[Data section]:
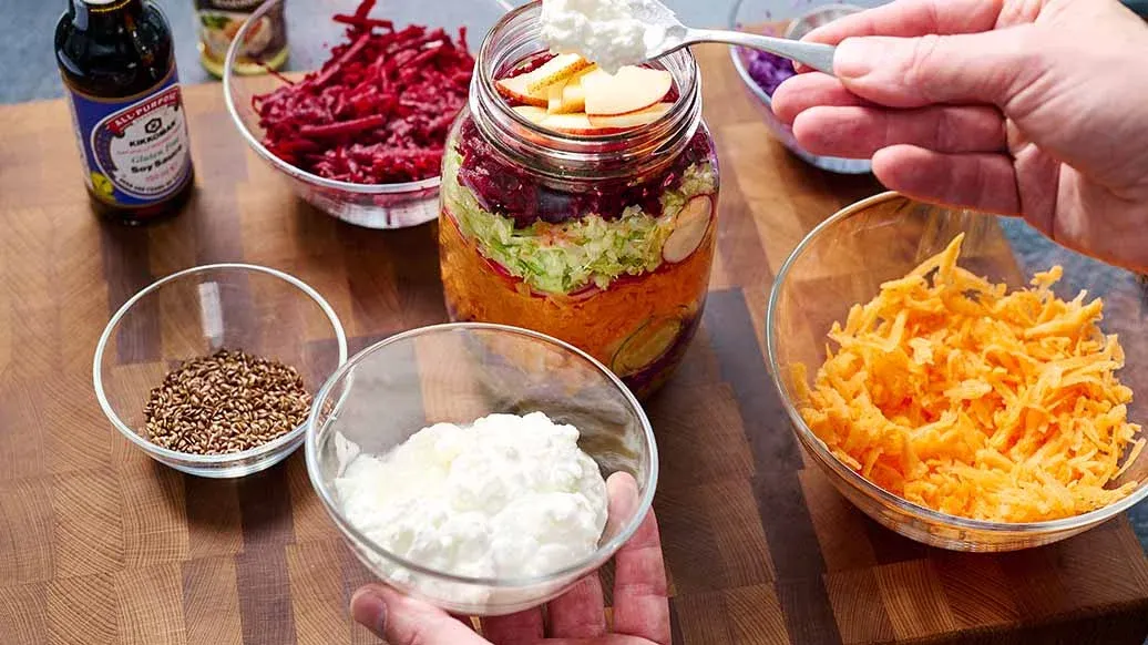 Layer the salad in a tall salad glass as follows: dressing, red cabbage, apple, carrot, radish, pointed cabbage, beetroot, pear, cream cheese and linseed. Close the jar and shake briefly before serving to distribute the dressing. Alternatively, serve the salad in bowls.
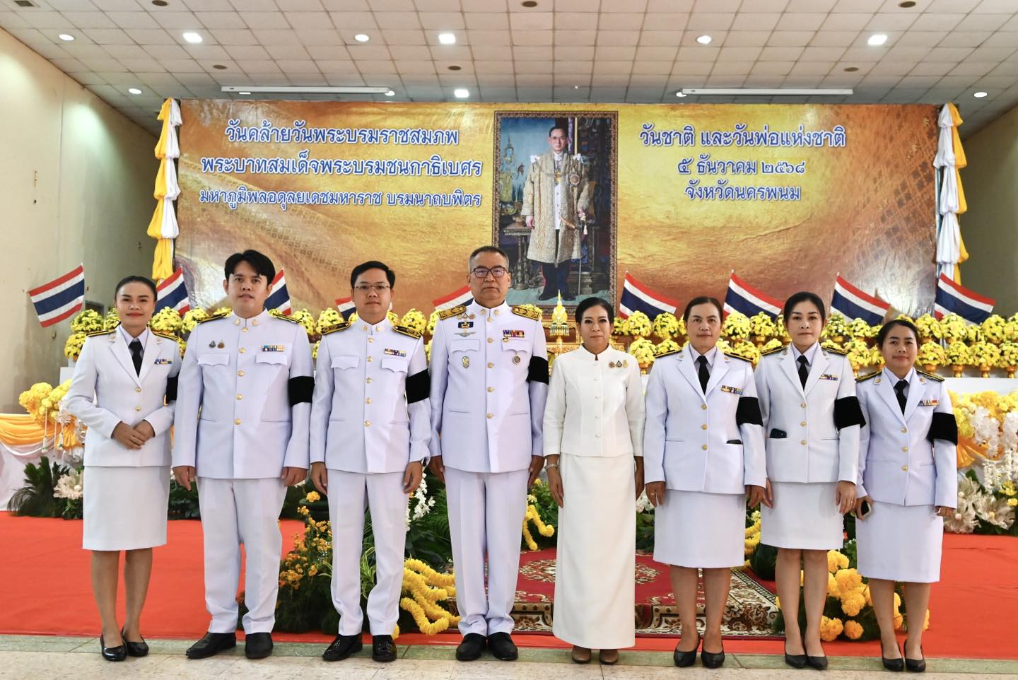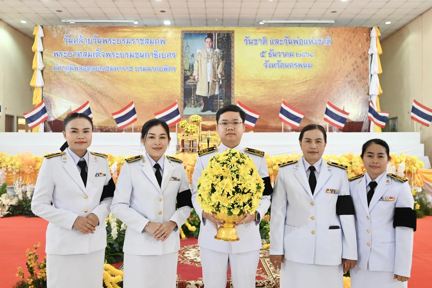 คณะเกษตรและเทคโนโลยี มหาวิทยาลัยนครพนม เข้าร่วมพิธีวางพานพุ่มดอกไม้ถวายบังคม พระบาทสมเด็จพระบรมชนกาธิเบศร มหาภูมิพลอดุลยเดชมหาราช บรมนาถบพิตร เนื่องในวันคล้ายวันพระบรมราชสมภพ วันชาติ และวันพ่อแห่งชาติ
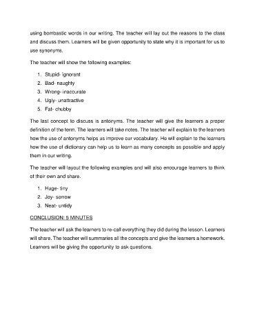 using bombastic words in our writing. The teacher will lay out the reasons to the class
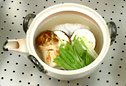 熱くした3.の汁を注ぎ入れ、蒸し器で約5分間蒸します。水菜は5~長さに切り、蒸しあがる寸前に器に入れます。

[Task instructions]: In your output, include only the lines from the line containing "เนื่องในวันคล้ายวันพระบรมราชสมภพ วันชาติ และวันพ่อแห่งชาติ" through the last line of the material above, exactly as they appear, and leave out the pictures.

[Reply to the exercise]:
 คณะเกษตรและเทคโนโลยี มหาวิทยาลัยนครพนม เข้าร่วมพิธีวางพานพุ่มดอกไม้ถวายบังคม พระบาทสมเด็จพระบรมชนกาธิเบศร มหาภูมิพลอดุลยเดชมหาราช บรมนาถบพิตร เนื่องในวันคล้ายวันพระบรมราชสมภพ วันชาติ และวันพ่อแห่งชาติ
 using bombastic words in our writing. The teacher will lay out the reasons to the class
 熱くした3.の汁を注ぎ入れ、蒸し器で約5分間蒸します。水菜は5~長さに切り、蒸しあがる寸前に器に入れます。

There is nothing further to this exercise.